Ontario’s Environment Commissioner Challenges The Province’s Plans To Accomodate 4.4 To 6 Million New People (Mostly Immigrants) Over The Next 25 Years

November 8, 2005: Ontario’s Environment Commissioner Challenges The Province’s Plans To Accomodate 4.4 To 6 Million New People (Mostly Immigrants) Over The Next 25 Years

PRESS RELEASE

Ontario’s Environment Commissioner, Gordon Miller, has challenged the provincial government’s plans to accomodate an additional 4.4 to 6 million people for Ontario over the next 25 years. He is to be congratulated for taking this action, says Immigration Watch Canada.

In the introduction to Mr. Miller’s annual report, which he released last week, he issues strong cautions:

“One of the troubling aspects of the improved planning system is that it is still based on the assumption of continuous, rapid population growth. Government forecasts project that over the next 25 years, Ontario’s population will increase from just over 12 million to 16.4 million or perhaps as high as 18 million. Three quarters of these people are expected to settle in the urban area around Toronto and in the Greenbelt lands. Even with higher development densities, this is a vast number of people settling in an already stressed landscape. ”

“Why must the population grow at this rate in parts of southern Ontario?” Citing those who argue that such population growth is necessary, Mr. Miller asks, “But is this true? There are prosperous European economies that thrive without a burgeoning population base.”

Mr. Miller contrasts northern and southern Ontario. “The reality is that a planning regime based on the continuous expansion of population and the growth in consumption of resources in the south-central part of the province is ultimately not sustainable.”

Observers are aware that immigration comprises the highest share of Ontario’s population growth and that Mr. Miller is indirectly questioning high immigration levels.

Mr. Miller concludes that the people of Ontario will have to decide collectively what they want their society and their landscape to look like 25 years from now.

He points out that Ontarians, under Ontario’s Environmental Bill of Rights, have the right to participate in ministry decisions that affect the environment. Specifically, citizens can “comment on environmentally significant ministry proposals; ask a ministry to review a law or policy; ask a ministry to investigate alleged harm to the environment; appeal certain ministry decisions; and take court action to prevent environmental harm.”

In the past, the major problem with the Environmental Bill of Rights
(the EBR) has been that a ministry must give its approval before citizens can challenge its legislation. A number of ministries have delayed their approval and rendered the EBR ineffective.

To counteract this, Mr. Miller’s first recommendation is that “new government laws and initiatives that are environmentally significant be prescribed under the Environmental Bill of Rights within one year of implementation”. Such a move should dramatically reduce delays.
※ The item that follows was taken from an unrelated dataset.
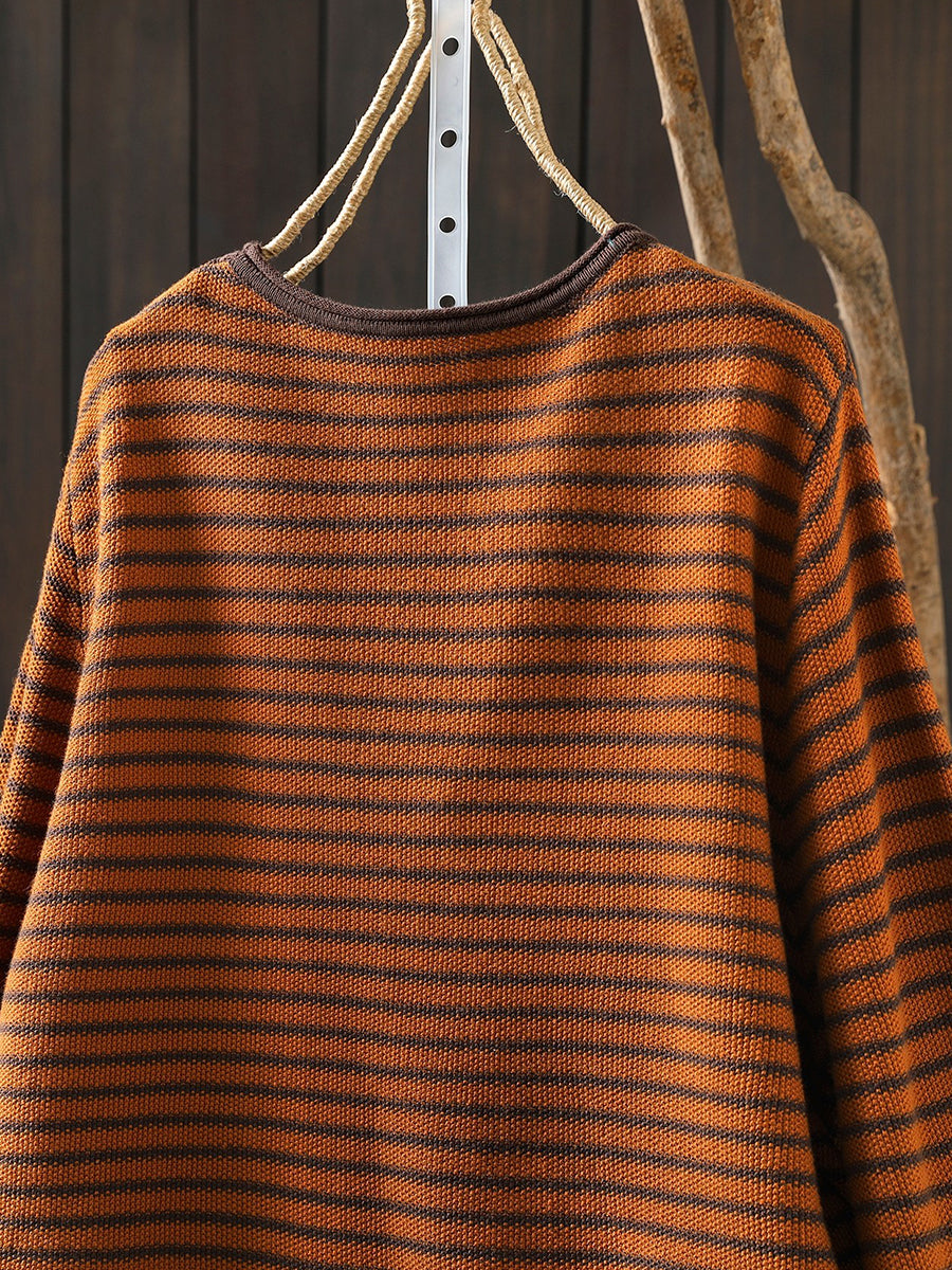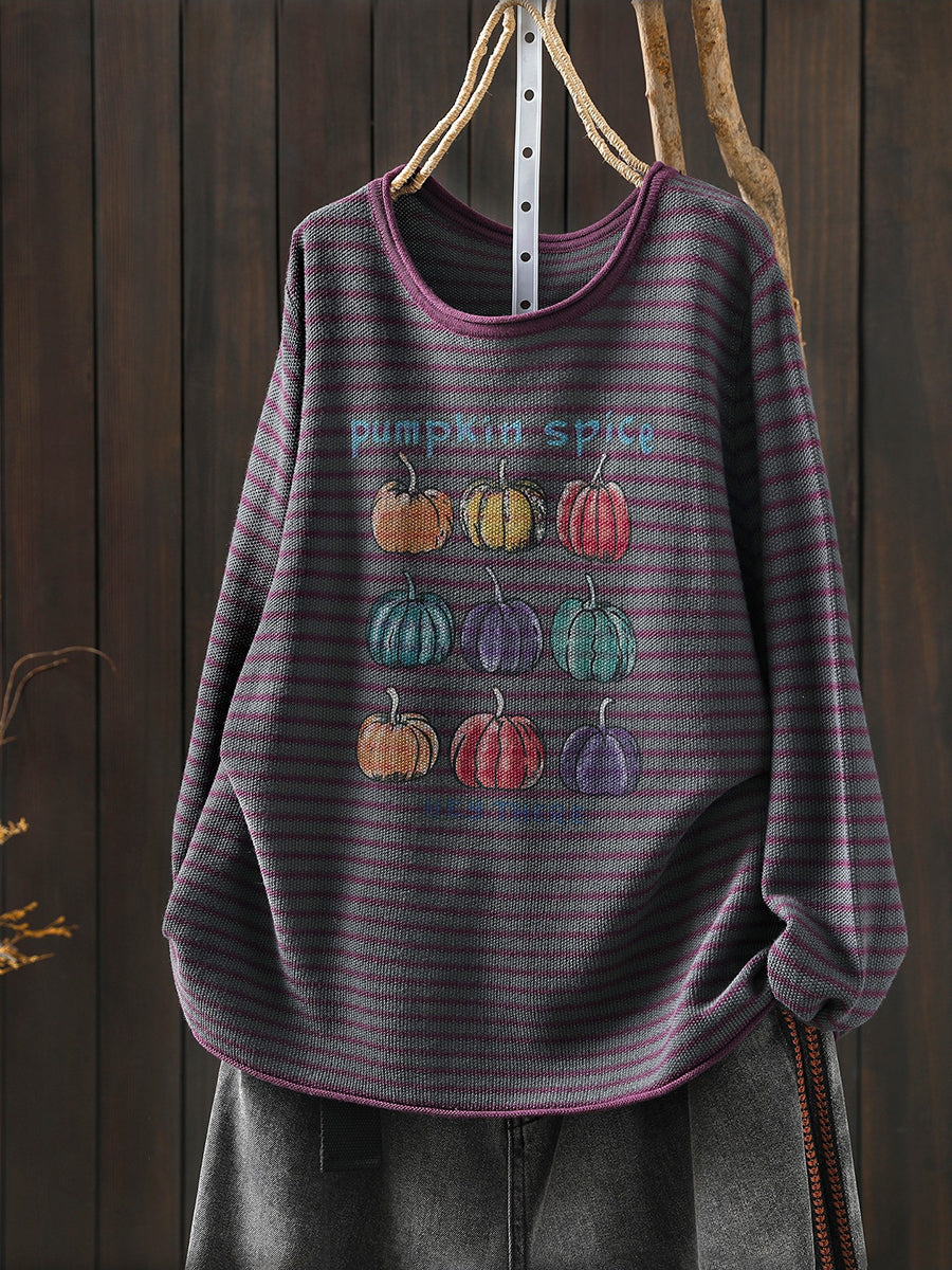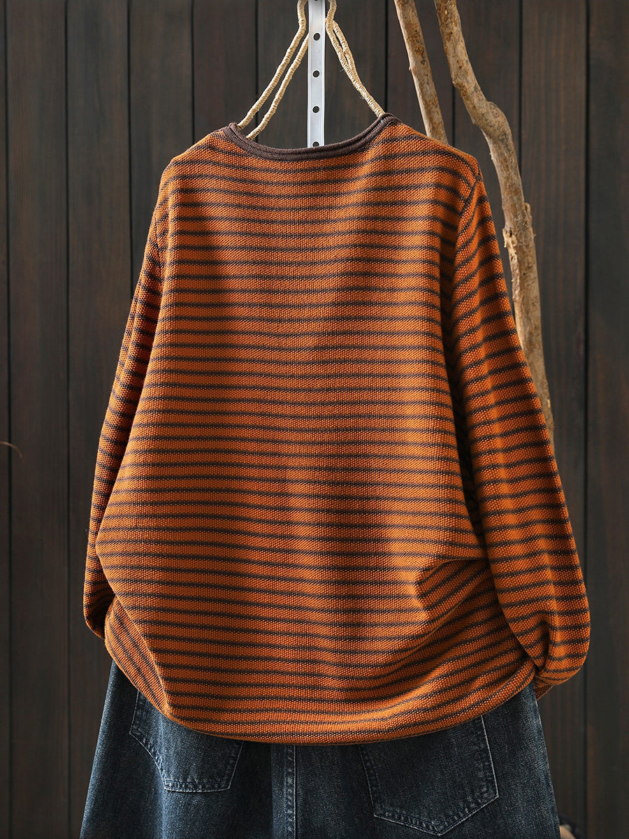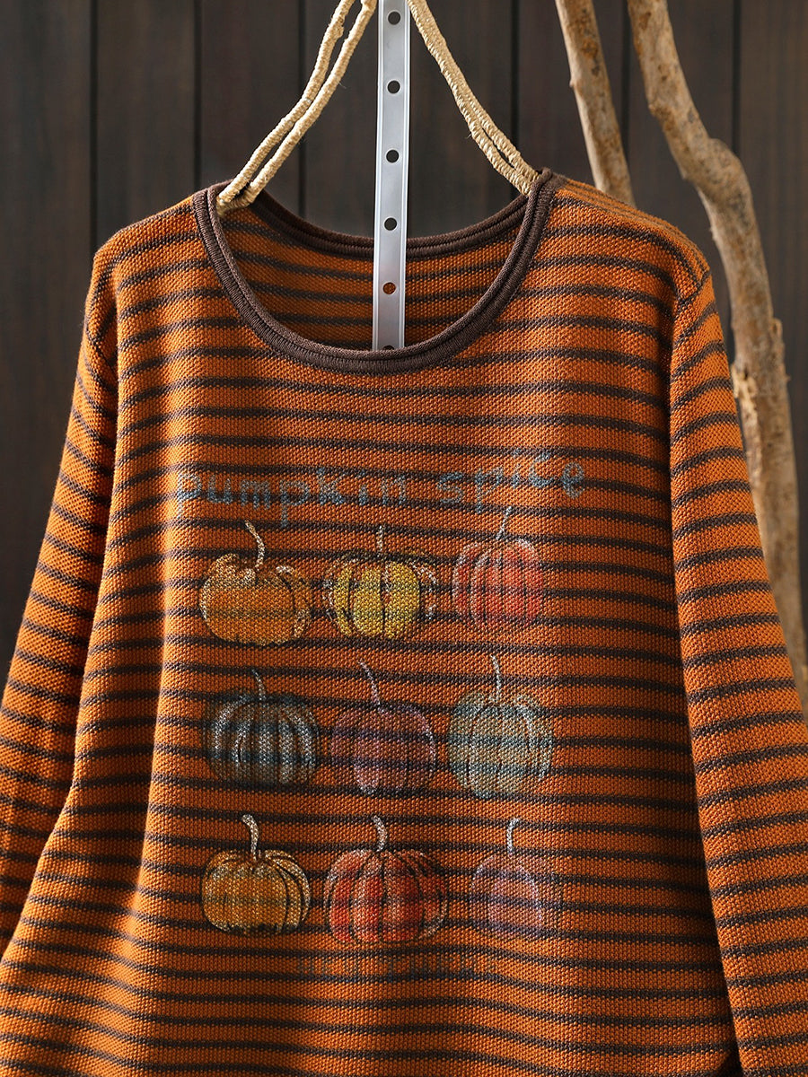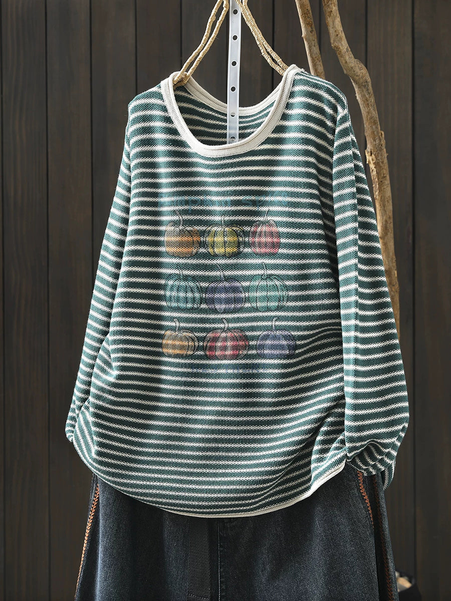 חולצת O-צוואר עם פסים בגזרה דלעת לנשים

The Ministry of Municipal Affairs and Housing is the branch of government that would deal with population growth. Mr. Miller recommends that this ministry “undertake public consultation on the government’s population growth modelling and projections…”.
In the past, such discussions have been done mostly behind closed doors.

In total, he makes 13 recommendations. It is significant that he places the population growth recommendation high on his list. (Recommendation #3)

In an interview done with the press when his report was released, Mr. Miller stated: “The environmental impacts of this magnitude of growth…will compromise the quality of our lifestyle to a stage where it will be unrecognizeable. We already have trouble with our waste…. What about another 4 million tonnes? What about another 4 million cars?”

He has chastised many Ontario government ministries for treating the environmental impact of their departments as a frill or public relations exercise.

Mr. Miller has already been attacked for challenging population growth and for suggesting public consultations to discuss the issue.

Immigration Watch Canada notes that the criticisms once again point to the need for a civil, thoughtful discussion of the immigration issue. Since the implementation of a mass immigration policy in 1990, both Ontario and the rest of Canada have been pressured and stampeded into accomodating millions of people whose entry has never been justified.

As long as this issue is not dealt with in open public discussions of the kind Mr. Miller advocates, it will continue to fester. It makes no sense to say that population growth, since the advent of mass immigration in 1990, has been environmentally neutral. It also makes no sense to say that the only people who should participate in this discussion are Ontario’s or Canada’s immigration industry and recent immigrants.

Immigration Watch Canada notes that this is also one of the first times that a high government official has questioned high immigration. Most political parties undoubtedly have had some internal debate about immigration. But most have lacked the courage or been unwilling to make the logical connection between high immigration and environmental degradation.

Canada’s Immigration Minister, who has recently proposed a 40% increase in immigration, and Canada’s Environment Minister, who has been cheerleading this announcement, should take special note of what Mr. Miller has said.

All provincial immigration ministers, particularly those in Ontario, B.C. and Quebec (where most immigrants land) and their colleagues in all provincial legislatures and in municipal governments should also take special note. The issues Mr. Miller raises are Pan-Canadian, not just Ontario’s.